China Imprisons Five for $166M USDT Money Laundering Operation



Iris Coleman
Oct 29, 2025 20:31

A Beijing court has sentenced five individuals for laundering $166 million using USDT, marking a significant crackdown on crypto-related financial crimes in China.

In a significant move against crypto-related financial crimes, a Beijing court has sentenced five individuals to prison for their involvement in a $166 million money laundering operation using USDT stablecoins. The case underscores China’s increasing efforts to clamp down on illegal financial activities facilitated by digital currencies, according to CryptoNews.

Details of the Operation

The convicted individuals orchestrated a sophisticated scheme that converted client funds into USDT to facilitate illegal cross-border transfers. Between January and August 2023, they processed 1.182 billion yuan ($166 million) through various accounts. The Beijing Municipal People’s Procuratorate revealed that the operation used virtual currency as a “bridge” for illegal foreign exchange trading.

Lin Jia led the group, collaborating with others to channel client funds through multiple bank accounts. They converted yuan payments into USDT using Tether trading platform accounts, enabling cross-border transfers while profiting from each transaction. The operation’s complexity and scale made it one of China’s most significant prosecutions of crypto-enabled financial crime.

Advanced Forensic Techniques

Chinese authorities employed advanced forensic methods to trace the crypto money trail, combining financial data analysis with blockchain transaction tracing. By correlating traditional bank account activities with virtual currency transactions, investigators identified suspicious patterns that contradicted the defendants’ claims of legitimate crypto speculation.

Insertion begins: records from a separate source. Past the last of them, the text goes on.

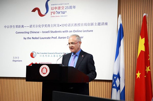 央廣網上海5月24日消息(記者傅聞捷)為紀念中以建交二十五周年,“中以學生零距離——諾貝爾化學獎得主阿龍·切哈諾沃教授在線創新主題講座”昨天在華東師范大學舉行。本次活動由華東師范大學、以色列駐上海總領事館和以色列海法大學聯合舉辦。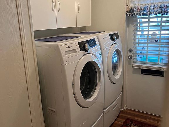 Regal Park is here to welcome you to your new home! This quaint 55+ community is filled with friendly neighbors and is in the heart of Largo and Pinellas County where there are many activities and areas to explore! Regal Park amenities include a clubhouse, pool and shuffleboard and the reasonable maintenance fee of $616.00 per month includes your water, sewer, lawn and garbage. *Please note...Regal Park is a no pet community...Service animals only* INTERIOR FEATURES: This large 2-bedroom, 2-bathroom home, at over 1,400 sq. ft, is loaded with upgrades and modern updates galore! Entering the home from the side entrance you will walk into your separate indoor laundry room. This is a rare treat indeed with full-size washer and dryer. Note how cool and comfortable the home is thanks to your newer HVAC (2017) and ceiling fans with lights in every room. The new waterproof vinyl flooring (2022) throughout the home adds a modern touch and is easy to clean. Your kitchen is a dream come true with stainless steel appliances, a closet pantry, eat-in area and a newer island (2019) with power and a granite countertop! What more could the chef in your home ask for? In addition to the eat-in area in the kitchen, there is also a breakfast bar for quick cups of coffee or snacks. From the kitchen you will step into your generous-sized formal dining area which opens up to your living room. The living room is the perfect size to entertain family and friends. From the living room you can go thru to your raised Florida room that is separate with its own A/C unit and door so it can be closed for privacy. You can also enter the Florida room from the front door of the house. This room is currently set up as a bar/entertainment area, but could also easily be used as a reading room, extra space for overnight guests or a home office. On the other side of the home are the bedrooms and bathrooms. The guest bedroom is a great size for guests and has its own walk-in closet; while the guest bathroom across the hall has a shower/tub combination and updated sink and toilet. The master suite is spacious with raised ceiling and a walk-in closet. In addition is the en suite bathroom, which has a walk-in shower with a bench and updated sink and toilet. EXTERIOR FEATURES: Not only does this home wow you from the inside, but on the outside as well! The list of upgrades on the outside is not to be beat. In 2020 there was the installation of: a new shingle roof, new high impact windows, new aluminum awnings and a new lower screened-in porch added! Then in 2021 there was an 8-camera security system installed - what a great addition for peace of mind. Lastly, in 2022 there was a new water heater installed. But the upgrades continue with an irrigation system and an amazing backyard patio area that is private, landscaped to perfection and a wonderful outside oasis to gather with friends and relax. At the end of the driveway is a 12x12 shed which is currently being used as a workroom. It also has an extra refrigerator which will stay in the shed. Best of all, you only have a neighbor on one side of the home! The asking price of this beauty is $175,000. (The home comes unfurnished; however, all the furnishings and the golf cart are negotiable.) The Largo area is rich in activities offering a botanical garden, public park with library, the Pinellas trail for walking and biking trails and of course, a wide choice of beaches all along the Pinellas County coastline. Don't hesitate, this captivating home with its amazing list of upgrades will be gone before you know it! Call to set up your appointment today!!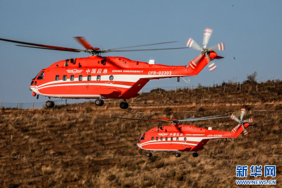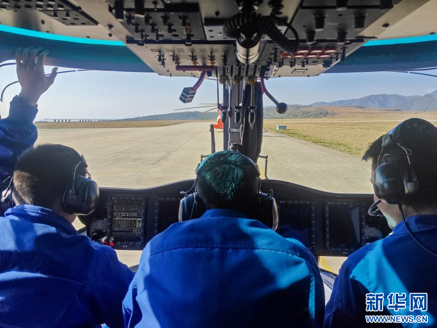 直升机正在空中悬停(2月21日摄)。新华网发(张宇 摄)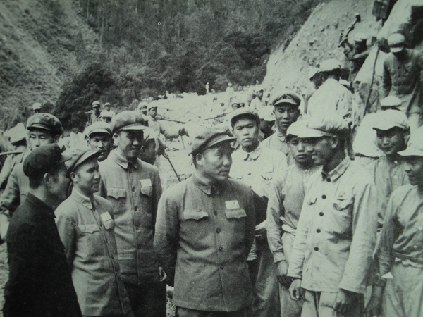 1954年7月,西南军区副司令员李达(前左3)到达波密加龙坝,视察指导康藏公路修建工作,左2为西藏军区后方部队司令员陈明义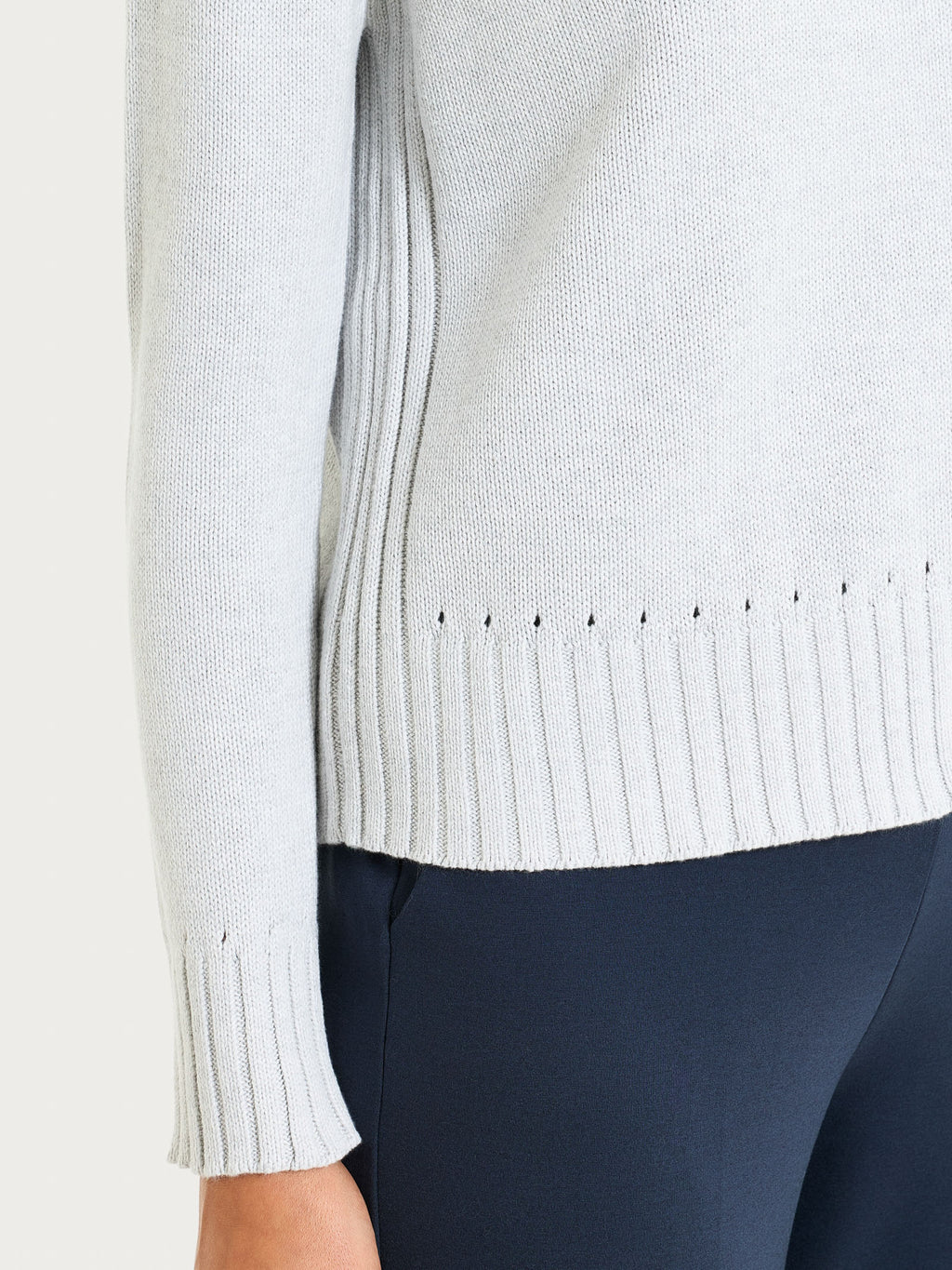Questo capo tinta unita, realizzato in morbida maglia rasata ha una bordatura in costa 3x2 che impreziosisce sia il fondo che i polsini, oltre a definire con eleganza lo scollo, conferendo al design un tocco di struttura e ricercatezza.

The prosecution’s approach involved remote examination of data from overseas platforms, ensuring legal compliance while building a robust case. This comprehensive strategy addressed the challenges of evidence collection in cross-border economic crimes.

Regulatory Implications and Responses

The case was highlighted at the 2025 Financial Street Forum, where officials warned of the threats posed by stablecoins to global financial stability. Pan Gongsheng, governor of the People’s Bank of China, emphasized the risks of stablecoins in amplifying vulnerabilities in the financial system and reiterated China’s zero-tolerance policy towards private digital currencies.

This crackdown coincides with China’s broader regulatory measures against stablecoins, including orders for tech giants like Ant Group and JD.com to halt their stablecoin issuance plans in Hong Kong. The Chinese government has also directed brokerages to cease promoting stablecoins, citing fraud and speculative risks.

These developments reflect China’s firm stance on maintaining control over currency issuance and its cautious approach to the adoption of digital financial assets. With stablecoin markets reaching significant capitalizations globally, China’s regulatory actions are poised to influence the international digital currency landscape.